Statistical Analysis

Data were analyzed from November 1, 2019, through May 31, 2021. Incorporating sample weights and accounting for the clusters and strata of the complex study design of the NHANES, we calculated the prevalence of gout and hyperuricemia within the US adult Black and White populations according to sex. We next determined the association between each risk factor and the odds of gout among men and women, adjusting for age and race, along with racial differences in the levels and frequencies of each risk factor (specifically, the age-adjusted difference between Black and White women and Black and White men). We then performed stepwise logistic regression by adding potential risk factors one by one to show how the association between self-reported Black race and gout changed with the addition of each variable, among those with complete data available, for women and men separately. We started with educational level, followed by poverty (2 social factors), then consecutively added alcohol consumption, diet score, and BMI (3 lifestyle factors potentially associated with educational level and poverty), and finished with diuretic medication use and CKD status (2 clinical factors potentially associated with the other purported risk factors). Characteristics of these women and men were similar to those of the sample at large (eTable 1 in the Supplement), as was age-adjusted prevalence of gout and hyperuricemia (eTable 2 in the Supplement). We calculated 95% CIs for all effect estimates. We used SAS, version 9.4 (SAS Institute, Inc) for all statistical analyses. Two-sided P < .05 indicated statistical significance.

Results

Overall, we included 18 693 participants comprising 3085 Black men (mean [SD] age, 43.6 [0.5] years), 3304 Black women (mean [SD] age, 44.8 [0.4] years), 6109 White men (mean [SD] age, 48.2 [0.3] years), and 6195 White women (mean [SD] age, 49.8 [0.3] years). Table 1 shows the characteristics stratified by sex and race. For both sexes, Black participants tended to be younger than White participants and had a higher frequency of poverty and lower educational attainment. With the exception of alcohol consumption, which was greater among White adults, all risk factors for gout and hyperuricemia were more prevalent in Black adults than White adults.

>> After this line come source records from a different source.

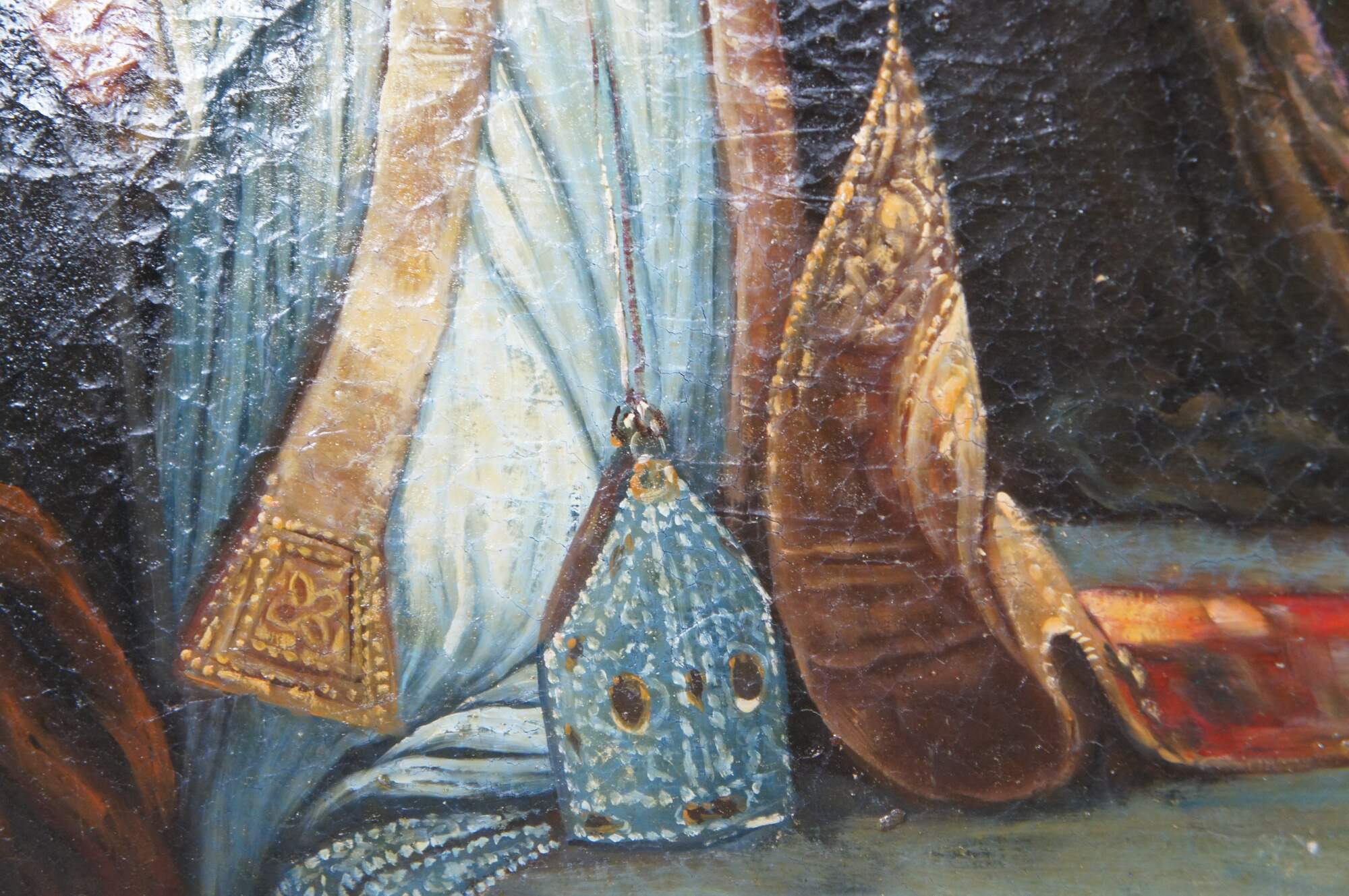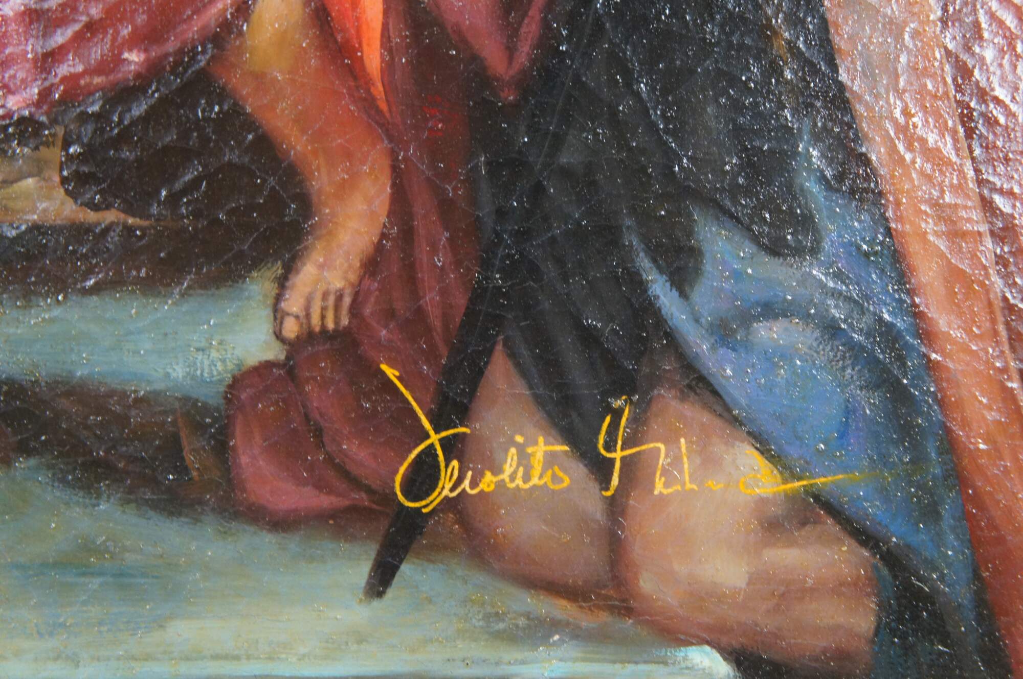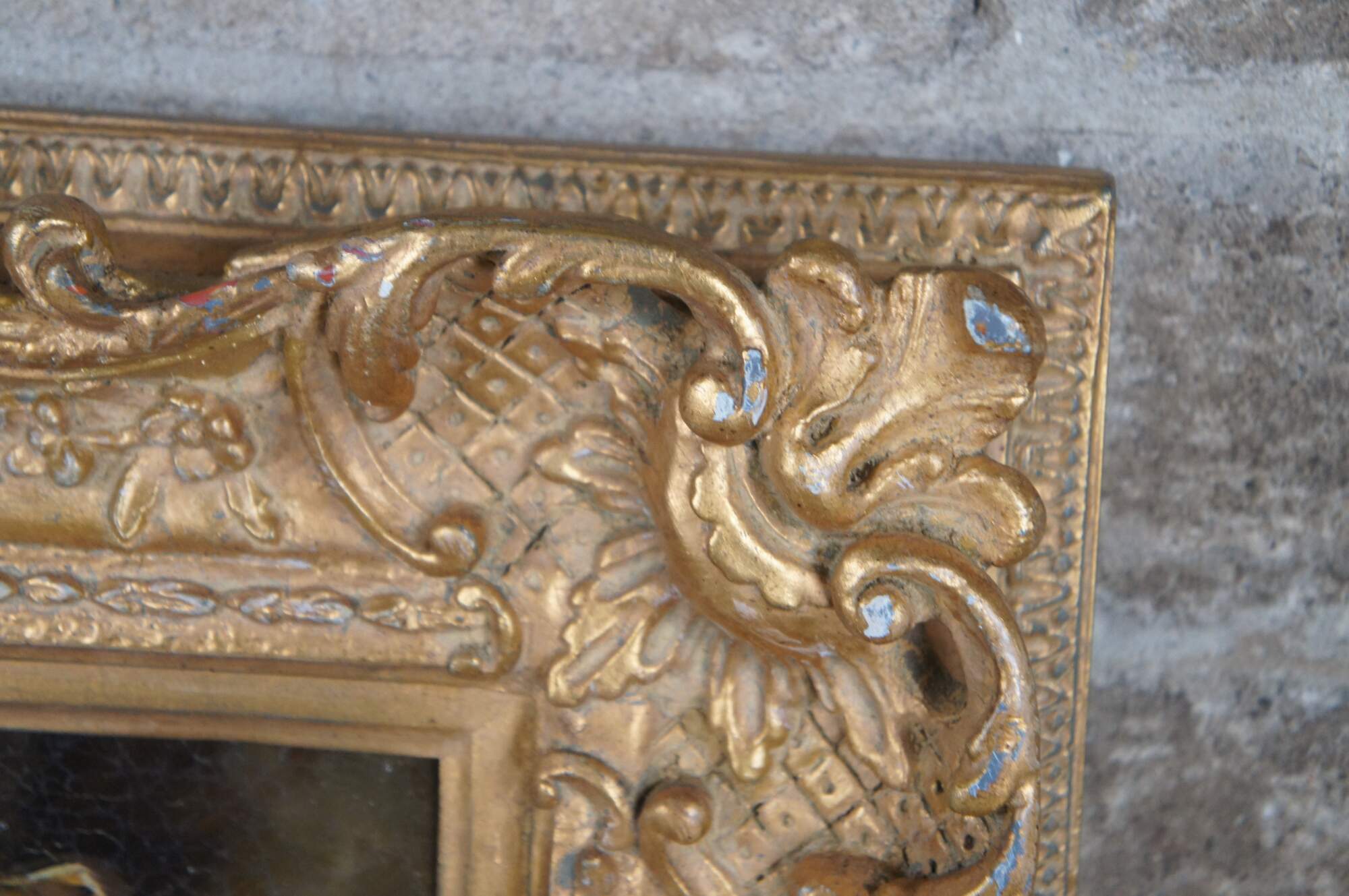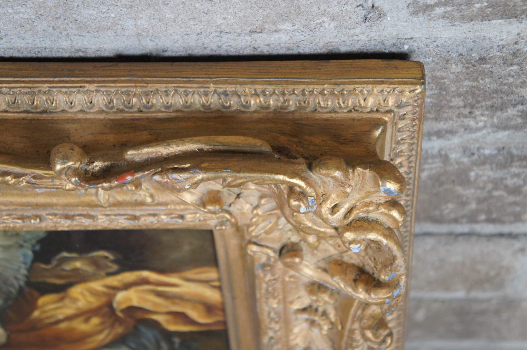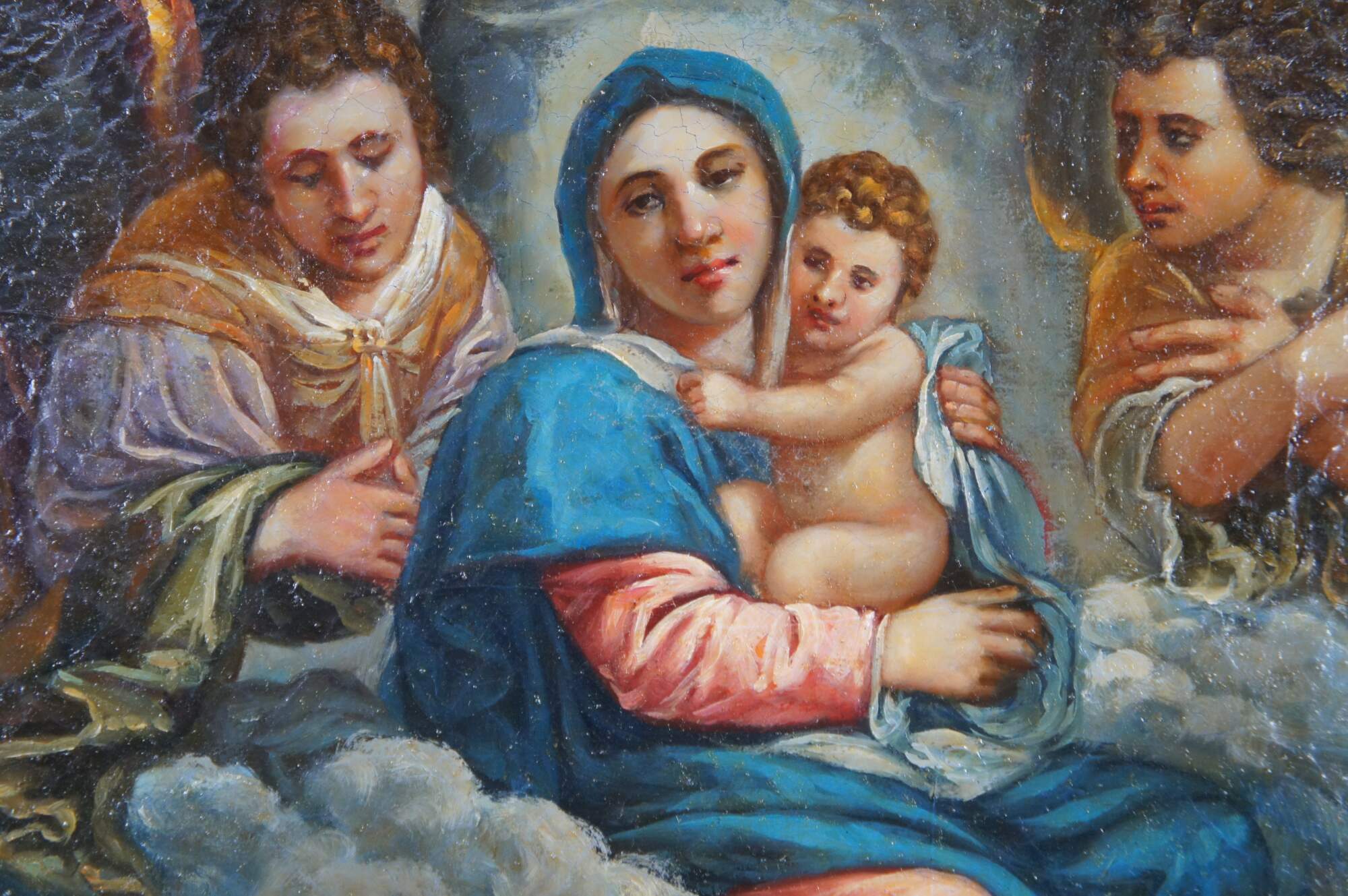 Madonna in Glory with Saints" a Contemporary School oil painting after Anibale Carracci. The oil painting is on canvas with craquelure giving off the appearance of age. Signed lower right and framed in Baroque manner with gold finish. The original was painted during the 16th century and is in the ePinacoteca Nazionale di Bologna collection in Italy.
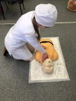 На втором студенты продемонстрировали практику. Вот медицинские сестры показали, что могут поставить пациенту капельницу. Фельдшеры провели ЭКГ, аускультацию легких и базовую сердечно-легочную реанимацию. Акушерки выполнили пальпацию плода, аускультацию его сердцебиения и базовую сердечно-легочную реанимацию. А фармацевты изготовили раствор для внутреннего применения и подыскали для покупателя аналог рецептурного препарата.
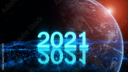 Wall mural 2021 vision technology. global network for the exchange of data on the planet earth. blue black grou
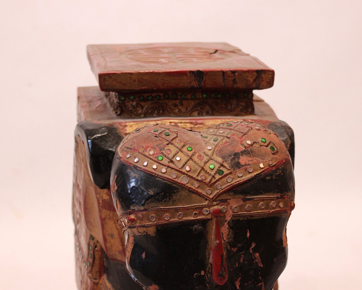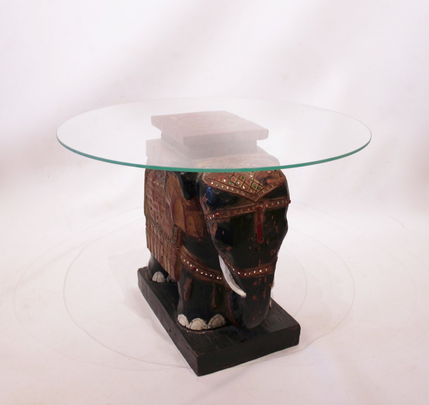 A pair of sidetables with glass plate and bottom of chinese elephants of orignal painted wood and patina from around the 1880s. The tables are in great antique condition.
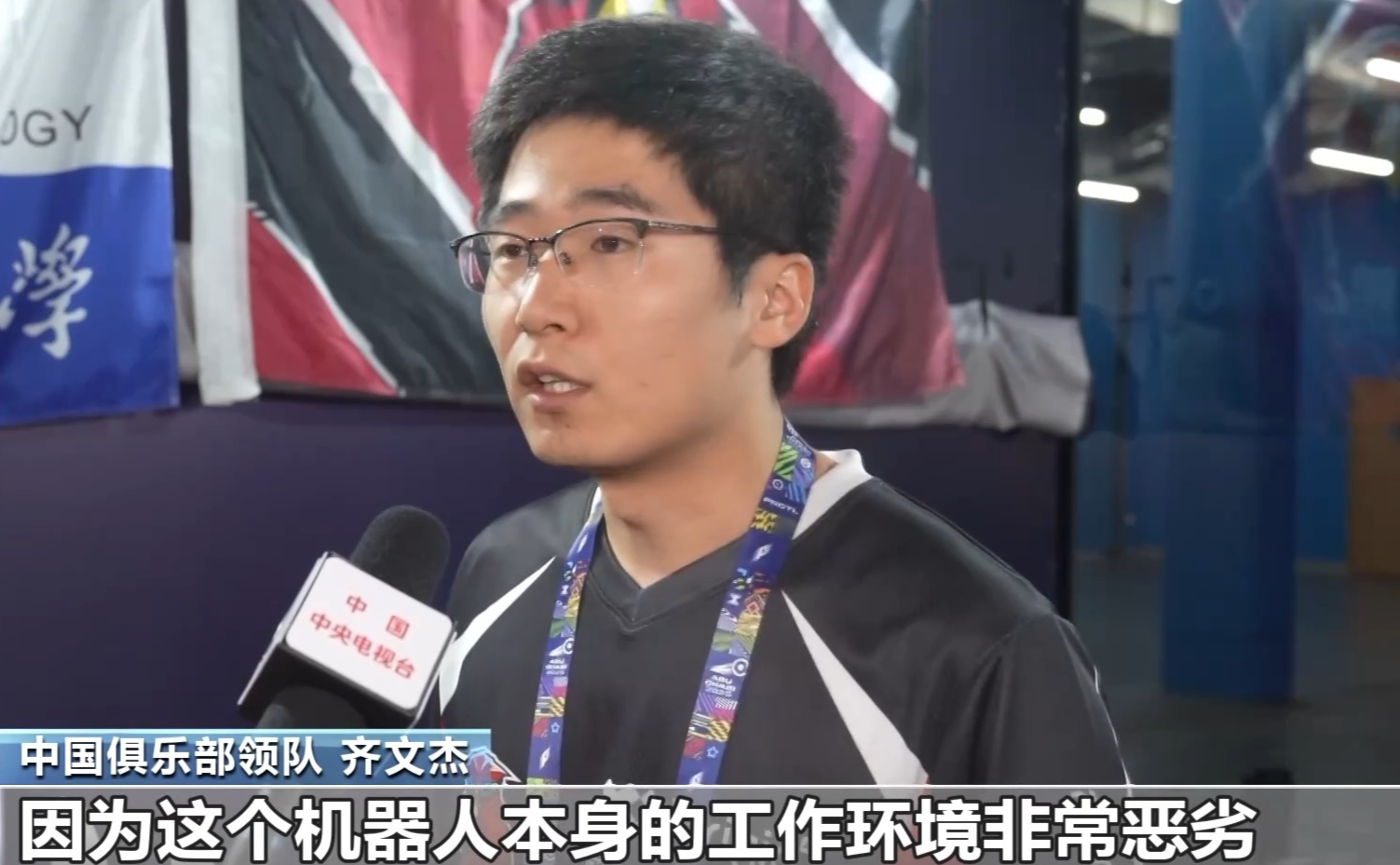 中国俱乐部领队 齐文杰:因为这个机器人本身的工作环境非常恶劣,所以它在对抗的过程中,很有可能某一部分发生损伤。把内部的单元做成模块化之后,能极大提高我们更换内部零件的速度。

Table 1. Participant Characteristics by Sex and Race.

Characteristic	Women		Men
Characteristic	Black (n = 3304)	White (n = 6195)	Black (n = 3085)	White (n = 6109)
Age, mean (SD), y	44.8 (0.4)	49.8 (0.3)	43.6 (0.5)	48.2 (0.3)
Educational level high school or less^a
No. of participants	1521	2447	1699	2612
Weighted % (95% CI)	43.5 (40.8-46.3)	32.7 (30.0-35.4)	52.9 (50.2-55.6)	35.4 (32.2-38.6)
Family income-to-poverty ratio <1.3^a
No. of participants	1694	1201	904	1542
Weighted % (95% CI)	39.7 (36.2-43.1)	18.0 (16.0-20.0)	32.4 (29.3-35.4)	14.8 (13.0-16.6)
BMI, mean (SD)	32.0 (0.2)	28.7 (0.1)	28.9 (0.1)	28.7 (0.1)
No. of alcoholic drinks consumed per week, mean (SD)	2.0 (0.1)	2.4 (0.1)	5.1 (0.2)	5.7 (0.2)
DASH score, mean (SD)^b	28.9 (0.1)	25.3 (0.1)	30.4 (0.1)	27.4 (0.1)
Diuretic use^a
No. of participants	419	639	293	540
Weighted % (95% CI)	10.8 (9.7-11.9)	8.4 (7.6-9.2)	6.8 (5.8-7.9)	6.1 (5.5-6.8)
CKD (eGFR <60 mL/min/1.73 m²)^a
No. of participants	347	596	299	479
Weighted % (95% CI)	9.6 (8.4-10.7)	7.3 (6.6-8.0)	7.6 (6.7-8.4)	4.9 (4.3-5.6)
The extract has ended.